(Problem description)
Retype the material that follows exactly, limited to the lines from the one with "Basically new McCallum" through the one with "- ø 3,5 klassiek", and keep out all pictures.

= Beginning of Section =

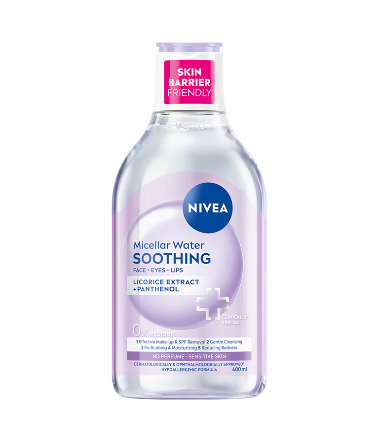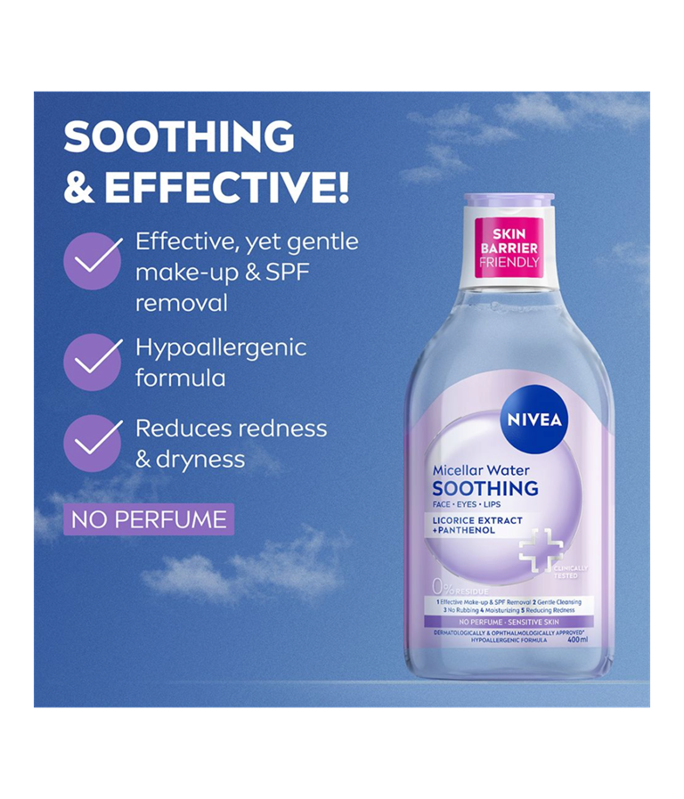 NIVEA Soothing Micellar Water är ett micellärt vatten berikat med lakritsextrakt, panthenol och aminosyrakomplex som tar bort make-up, smuts och SPF, rengör, återfuktar och lugnar huden samtidigt som den minskar rodnad och torrhet, vilket gör den perfekt för känslig hud.
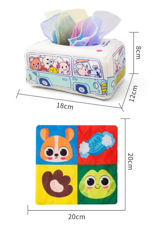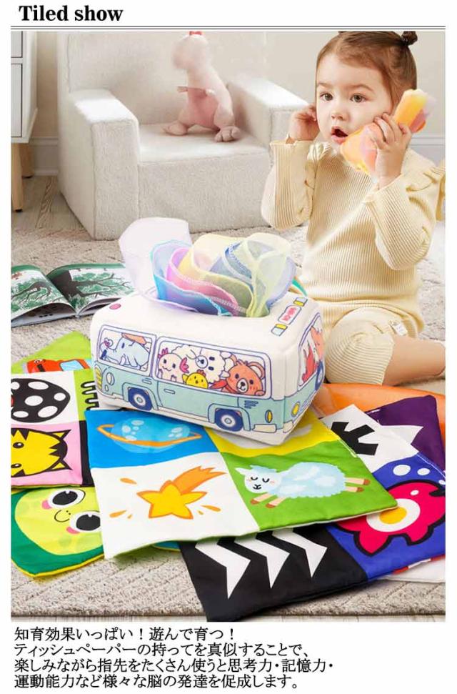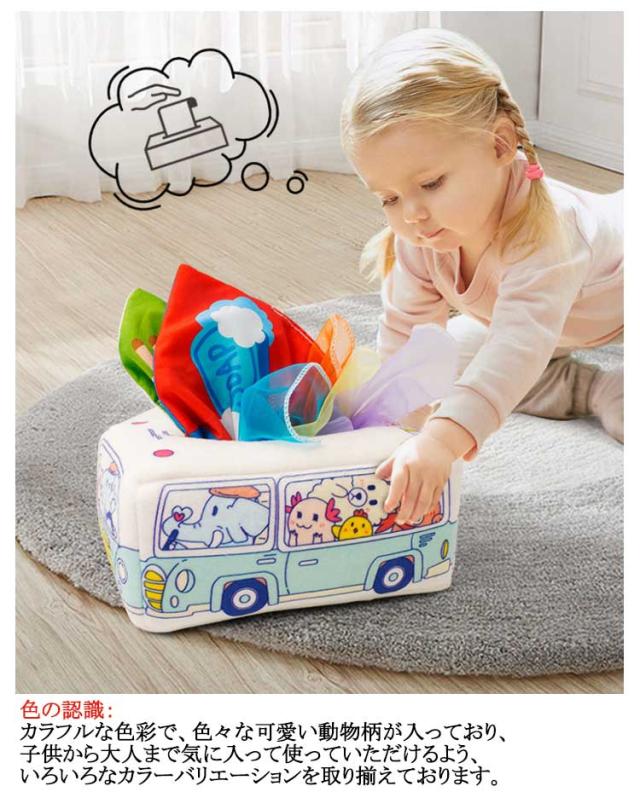 ベビー 布ティッシュ ティッシュボックス おもちゃ おもちゃ 音 ティッシュ 布絵本 布 ベビー 車形状 モンテッソーリ ティッシュケース トイ 指先訓練 カシャカシャ 色認知 感覚開発 仕掛け絵本 赤ちゃん 女の子 男の子 0歳
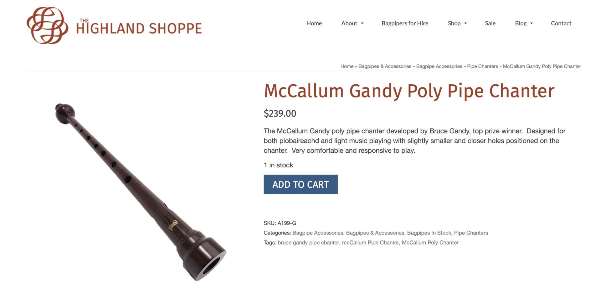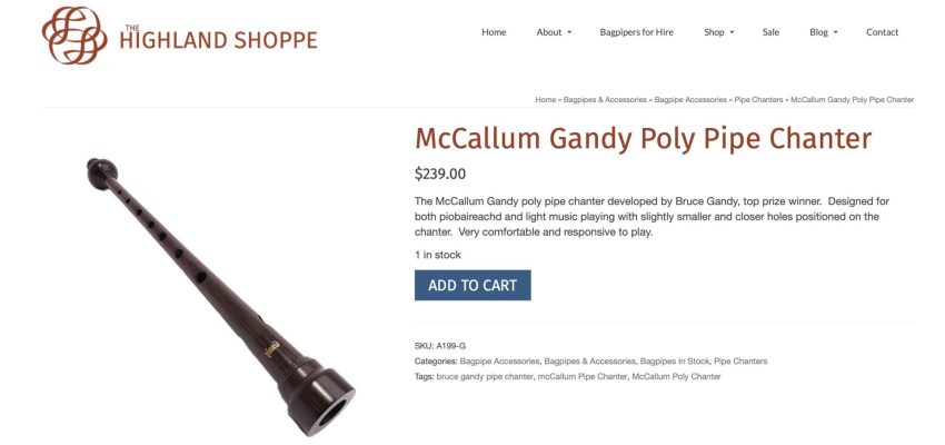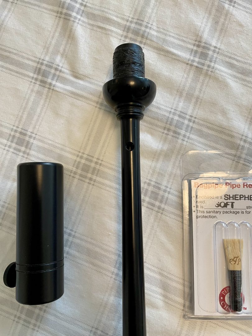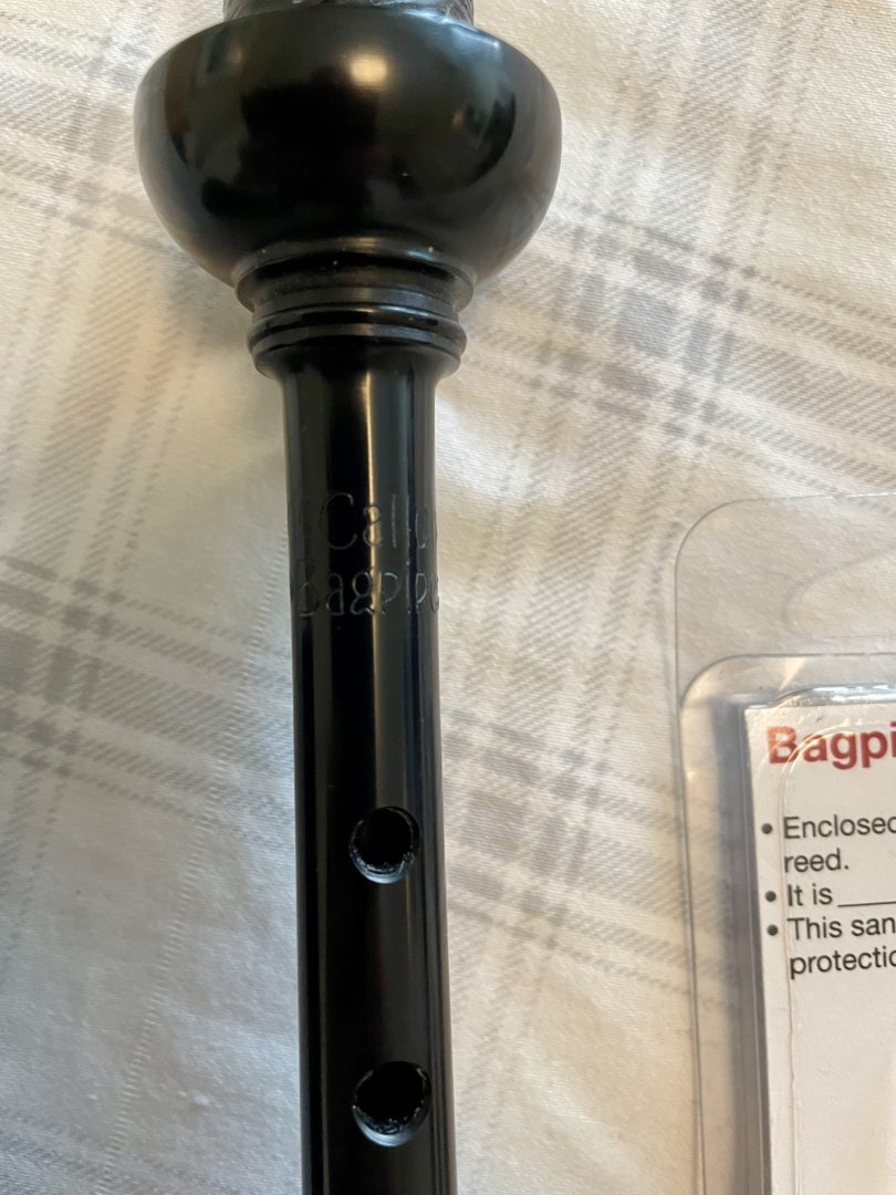 Basically new McCallum Gandy model polypenco bagpipe chanter, complete with new Shepherd easy strength reed, and chanter cap. Came with a set of pipes, and I already have one of these great chanters. Comfortable hole spacing and hole size, and pitches easily in the 478-482 range. $150 Canadian including shipping and insurance, or for my US friends add $25 for the tariff (or $130 US total shipped with tariff). Compare vs. new pricing.
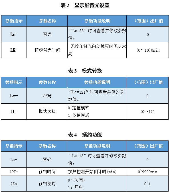 長按設(shè)定鍵約3秒,控制器顯示窗下排顯示密碼提示符“Lc”,上排顯示密碼值,通過增加、減少和移位鍵,修改到所需的密碼值。
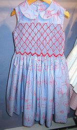 Outstanding piece: Employing a sportswear print in the sky and tomato combination and extending the smocking from the bodice to the waist, makes this dress a bit more sophisticated than the usual sweet, high-waisted style. Tel: 415-345-8900 E-mail: belezakids@yahoo.com
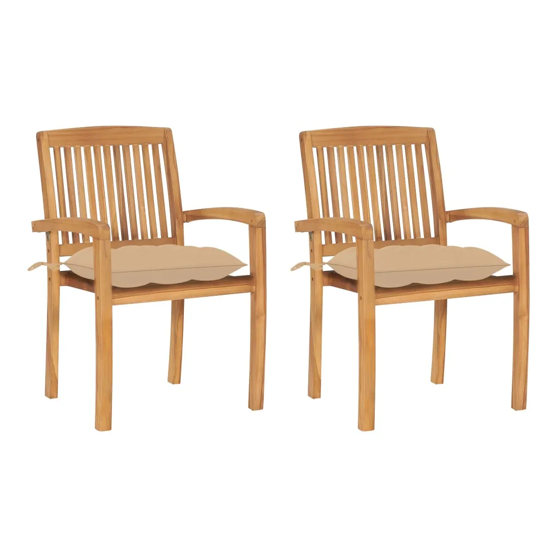 Chaises de jardin lot de 2 et coussins beige Bois teck massif
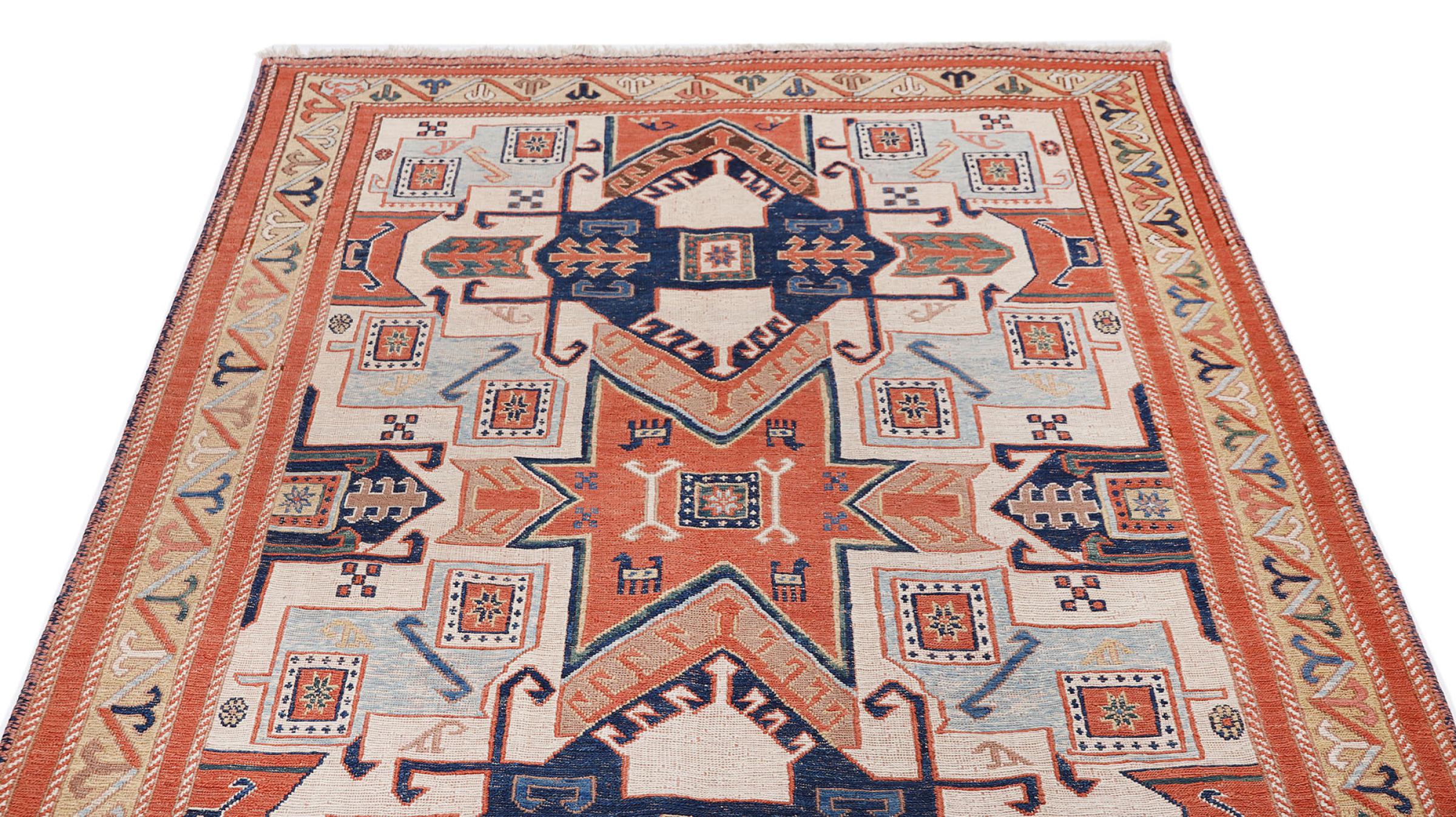 Esta alfombra Kazaka anudada a mano al estilo de las alfombras caucásicas convence por su gran robustez y sus vivos tonos. Así, refleja la cultura del Cáucaso en una bella composición. Una cultura que domina el arte de anudar alfombras desde hace siglos y que lo transmite al mundo exterior con formas encantadoramente sencillas en colores impresionantemente vivos.
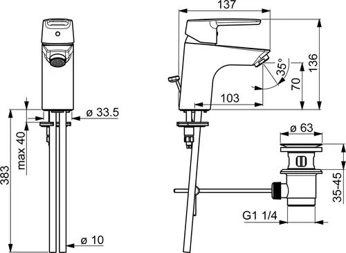 - ø 3,5 klassiek controlepatroon met keramische afdichtingsschijven
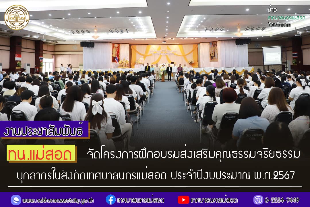 ทน.แม่สอด จัดโครงการฝึกอบรมส่งเสริมคุณธรรมจริยธรรมบุคลากรในสังกัดเทศบาลนครแม่สอด

= End of Section =

(Final answer)
 Basically new McCallum Gandy model polypenco bagpipe chanter, complete with new Shepherd easy strength reed, and chanter cap. Came with a set of pipes, and I already have one of these great chanters. Comfortable hole spacing and hole size, and pitches easily in the 478-482 range. $150 Canadian including shipping and insurance, or for my US friends add $25 for the tariff (or $130 US total shipped with tariff). Compare vs. new pricing.
 長按設(shè)定鍵約3秒,控制器顯示窗下排顯示密碼提示符“Lc”,上排顯示密碼值,通過增加、減少和移位鍵,修改到所需的密碼值。
 Outstanding piece: Employing a sportswear print in the sky and tomato combination and extending the smocking from the bodice to the waist, makes this dress a bit more sophisticated than the usual sweet, high-waisted style. Tel: 415-345-8900 E-mail: belezakids@yahoo.com
 Chaises de jardin lot de 2 et coussins beige Bois teck massif
 Esta alfombra Kazaka anudada a mano al estilo de las alfombras caucásicas convence por su gran robustez y sus vivos tonos. Así, refleja la cultura del Cáucaso en una bella composición. Una cultura que domina el arte de anudar alfombras desde hace siglos y que lo transmite al mundo exterior con formas encantadoramente sencillas en colores impresionantemente vivos.
 - ø 3,5 klassiek controlepatroon met keramische afdichtingsschijven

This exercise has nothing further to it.